*EXERCISE AIM*: An exact copy of the entries below is needed, with every picture left out.

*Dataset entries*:
━━━━━━━━━━

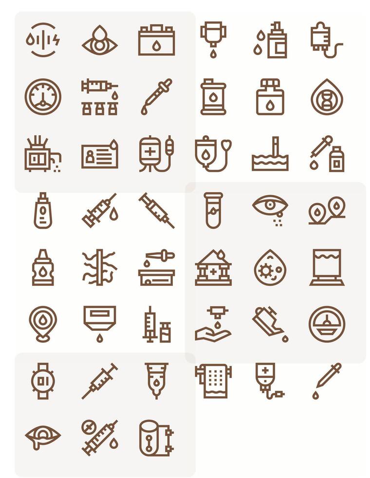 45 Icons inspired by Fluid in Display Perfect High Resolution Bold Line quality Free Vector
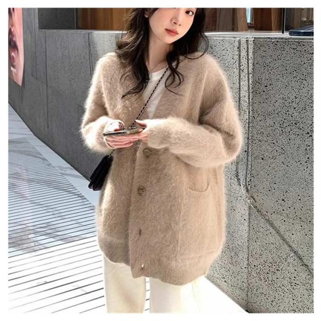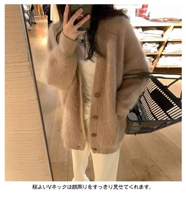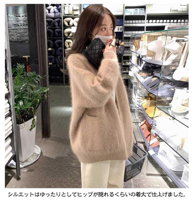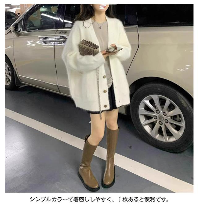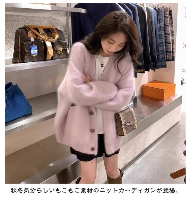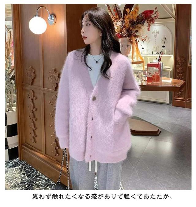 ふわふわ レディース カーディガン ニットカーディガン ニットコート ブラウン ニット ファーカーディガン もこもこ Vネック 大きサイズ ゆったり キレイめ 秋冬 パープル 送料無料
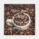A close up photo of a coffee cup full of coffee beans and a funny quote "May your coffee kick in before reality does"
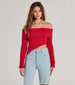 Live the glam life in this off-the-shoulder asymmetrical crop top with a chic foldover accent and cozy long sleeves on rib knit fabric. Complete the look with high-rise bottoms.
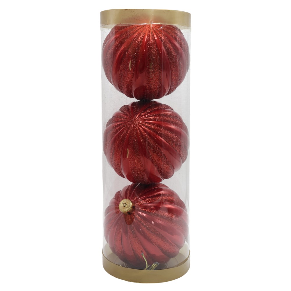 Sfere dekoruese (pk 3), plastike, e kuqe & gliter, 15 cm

━━━━━━━━━━

*COMPLETED TASK*:
 45 Icons inspired by Fluid in Display Perfect High Resolution Bold Line quality Free Vector
 ふわふわ レディース カーディガン ニットカーディガン ニットコート ブラウン ニット ファーカーディガン もこもこ Vネック 大きサイズ ゆったり キレイめ 秋冬 パープル 送料無料
A close up photo of a coffee cup full of coffee beans and a funny quote "May your coffee kick in before reality does"
 Live the glam life in this off-the-shoulder asymmetrical crop top with a chic foldover accent and cozy long sleeves on rib knit fabric. Complete the look with high-rise bottoms.
 Sfere dekoruese (pk 3), plastike, e kuqe & gliter, 15 cm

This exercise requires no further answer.